Data privacy is emerging as one of the most serious concerns of big data analytics, particularly with the growing use of personal data and the ever-improving capability of data analysis.

Data privacy is emerging as one of the most serious concerns of big data analytics, particularly with the growing use of personal data and the ever-improving capability of data analysis. This dissertation first investigates the relation between different privacy notions, and then puts the main focus on developing economic foundations for a market model of trading private data.
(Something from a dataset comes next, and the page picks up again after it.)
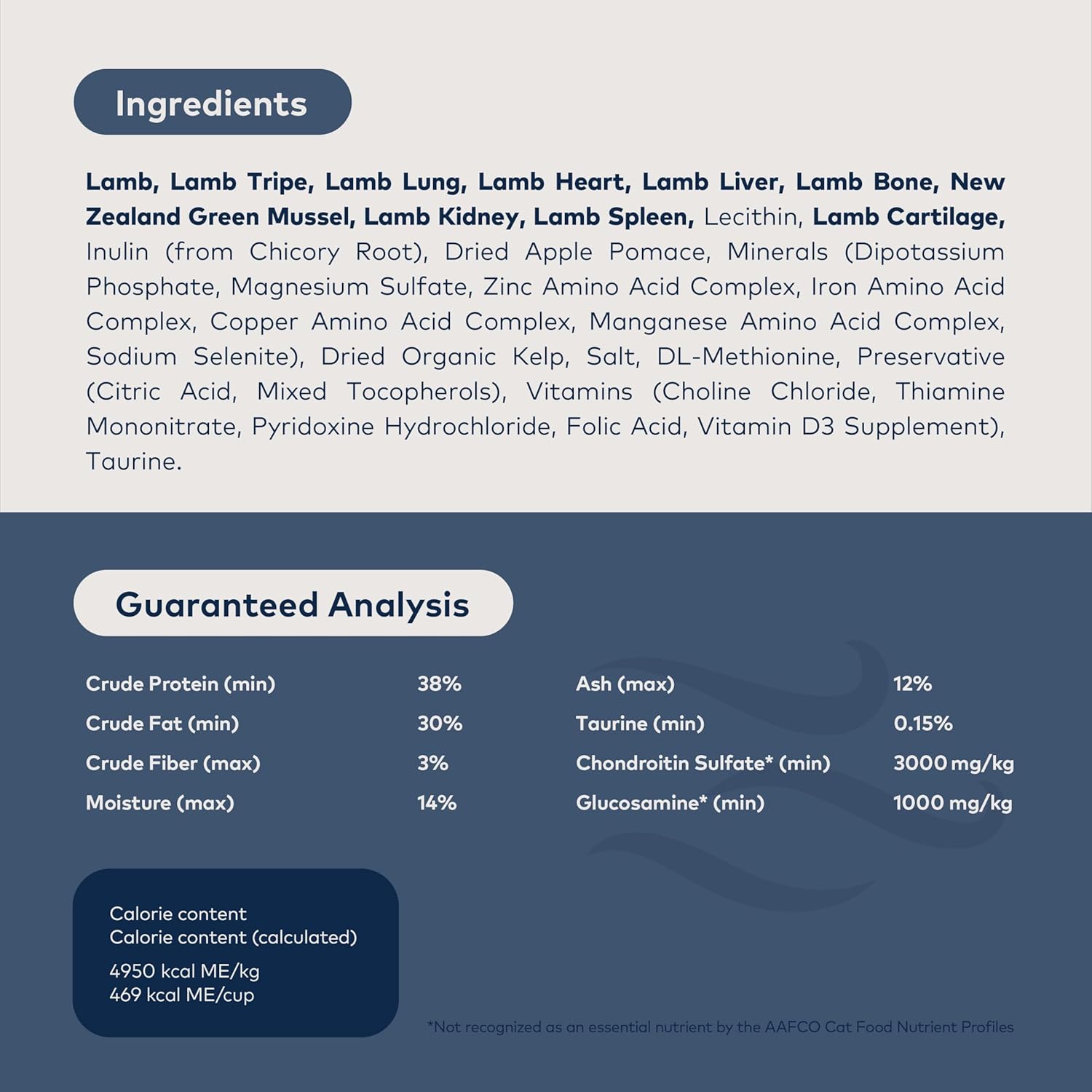 • HIGH PROTEIN, NUTRIENT DENSE: Featuring 96% free-range Lamb, Organs, Bone, and New Zealand Green Mussels, this grain-free cat food delivers nutrition with a mouth-watering taste for all cats. Gentle air dried processing retains the goodness of the raw ingredients. This food supports indoor cat food needs and is perfect for all life stages, from kitten food to senior cats.

The first part characterizes differential privacy, identifiability and mutual-information privacy by their privacy--distortion functions, which is the optimal achievable privacy level as a function of the maximum allowable distortion. The results show that these notions are fundamentally related and exhibit certain consistency: (1) The gap between the privacy--distortion functions of identifiability and differential privacy is upper bounded by a constant determined by the prior. (2) Identifiability and mutual-information privacy share the same optimal mechanism. (3) The mutual-information optimal mechanism satisfies differential privacy with a level at most a constant away from the optimal level.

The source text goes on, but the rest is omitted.